= Supplied information =
****************************************

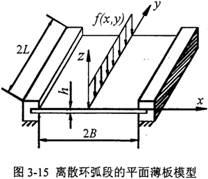 彈性力學(xué)是固體力學(xué)的一個分枝,主要研究物體(彈性體)由于受外力作用或溫度改變以及支座沉陷等原因而產(chǎn)生的應(yīng)力、形變和位移,彈性力學(xué)對彈性體作較精確的分析。對于本文的離散均載環(huán)弧段,環(huán)弧段的厚度h<<它的長度2L(或?qū)挾?B),且撓度較小,可以利用彈性力學(xué)中薄板的小撓度變曲理論,將均載環(huán)結(jié)構(gòu)參數(shù)與剛度聯(lián)系起來,通過正確處理邊界條件來改善計算結(jié)果。離散環(huán)弧段的計算模型如圖3-15所示,假定環(huán)弧段的支承邊界條件為兩端固支。
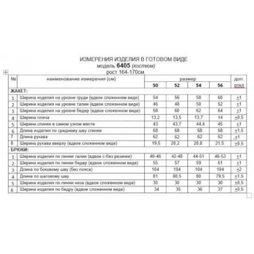 Удобство брючного костюма – неоспоримый факт, проверенный жизнью. Костюм женский 2-ух предметный: жакет и брюки в деловом стиле. Выполнен из костюмной ткани в сочетании с атласным полотном нежной и блестящей фактуры. Жакет классический полуприлегающего силуэта длиной ниже бедер. На подкладке. Передняя часть с вертикальными рельефами от проймы. На левой части переда выполнена верхняя листочка из ткани компаньона. На правой части переда скошена линия борта, из-под которой выглядывает отделочный элемент. Спинка с центральным швом и с вертикальными рельефами от проймы. Рукав втачной двухшовный длинный. Воротник пиджачного типа с лацканами. Застежка центральная однобортная на петлю и декоративную пуговицу. Жакет дополнен съемным отделочным элементом в виде воротника с лацканом на правой стороне из ткани компаньона. Брюки прямого силуэта классической посадки, длинные, с двумя верхними боковыми карманами. Высота сиденья стандартная. Застежка центральная на молнию и на петлю и пуговицу на поясе. В задней части пояса для удобного прилегания по талии вставлена резинка. Длина жакета (по среднему шву спинки) – 68 см. Длина рукава жакета – 62 см. Длина брюк (по боковому шву с поясом) –108 см.
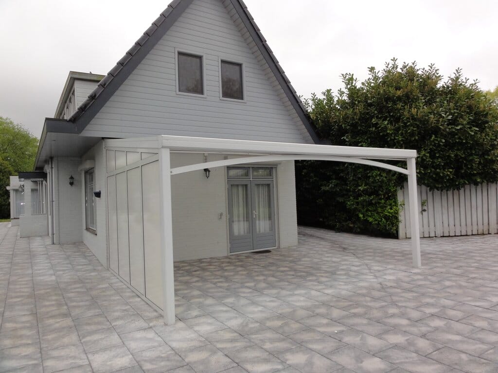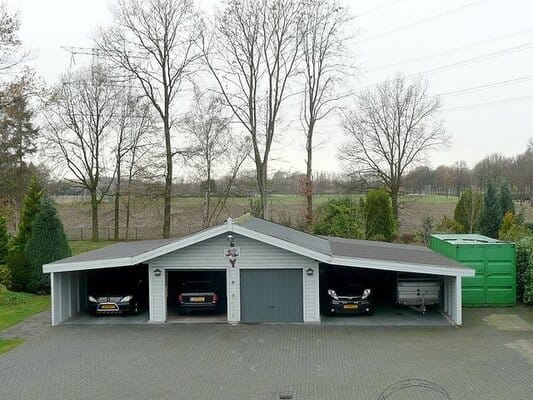 Bijgebouw met dubbele garage, carport aan weerszijden, verblijfsruimte en vliering.
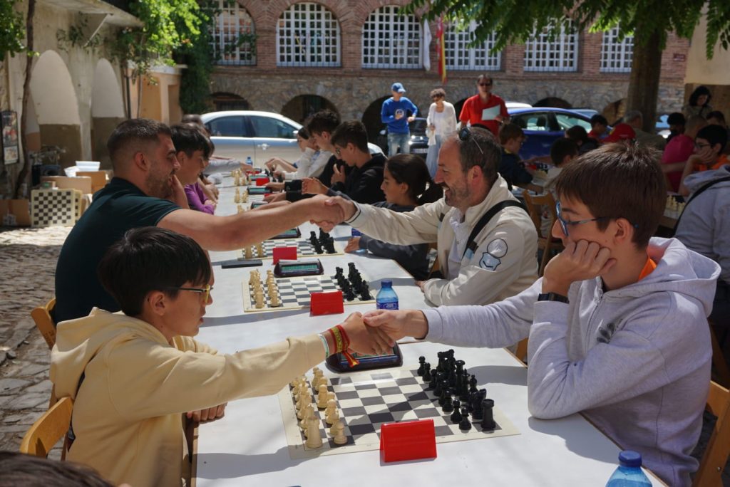 Un total de 83 ajedrecistas, entre los que había un MI, un MF y un CM, se sumaron a las 7 rondas con 10’+3″ que llenaron toda la mañana de buenas partidas. Las rondas se fueron sucediendo en hora sin ningún tipo de sobresalto y con una entrega de premios muy ágil y dinámica que reconoció a todos los participantes con un detalle. Miel, embutidos variados, melocotones, artesanía, camisetas… El Ayuntamiento de Yanguas no escatimó en agasajar a los visitantes de este precioso pueblo medieval que hay que ver; no te lo pierdas. Acostumbrados como estamos en Navarra a que los torneos se hagan para ganar dinero, hacerlo en un gratuito con este nivel de premios y regalos es digno de ser mencionado.

****************************************

= Work to complete =
Start at the line above containing "Удобство брючного костюма" and stop at the line containing "Bijgebouw met dubbele": print those lines and everything between them exactly, but not the pictures.

= Answer to this task =
 Удобство брючного костюма – неоспоримый факт, проверенный жизнью. Костюм женский 2-ух предметный: жакет и брюки в деловом стиле. Выполнен из костюмной ткани в сочетании с атласным полотном нежной и блестящей фактуры. Жакет классический полуприлегающего силуэта длиной ниже бедер. На подкладке. Передняя часть с вертикальными рельефами от проймы. На левой части переда выполнена верхняя листочка из ткани компаньона. На правой части переда скошена линия борта, из-под которой выглядывает отделочный элемент. Спинка с центральным швом и с вертикальными рельефами от проймы. Рукав втачной двухшовный длинный. Воротник пиджачного типа с лацканами. Застежка центральная однобортная на петлю и декоративную пуговицу. Жакет дополнен съемным отделочным элементом в виде воротника с лацканом на правой стороне из ткани компаньона. Брюки прямого силуэта классической посадки, длинные, с двумя верхними боковыми карманами. Высота сиденья стандартная. Застежка центральная на молнию и на петлю и пуговицу на поясе. В задней части пояса для удобного прилегания по талии вставлена резинка. Длина жакета (по среднему шву спинки) – 68 см. Длина рукава жакета – 62 см. Длина брюк (по боковому шву с поясом) –108 см.
 Bijgebouw met dubbele garage, carport aan weerszijden, verblijfsruimte en vliering.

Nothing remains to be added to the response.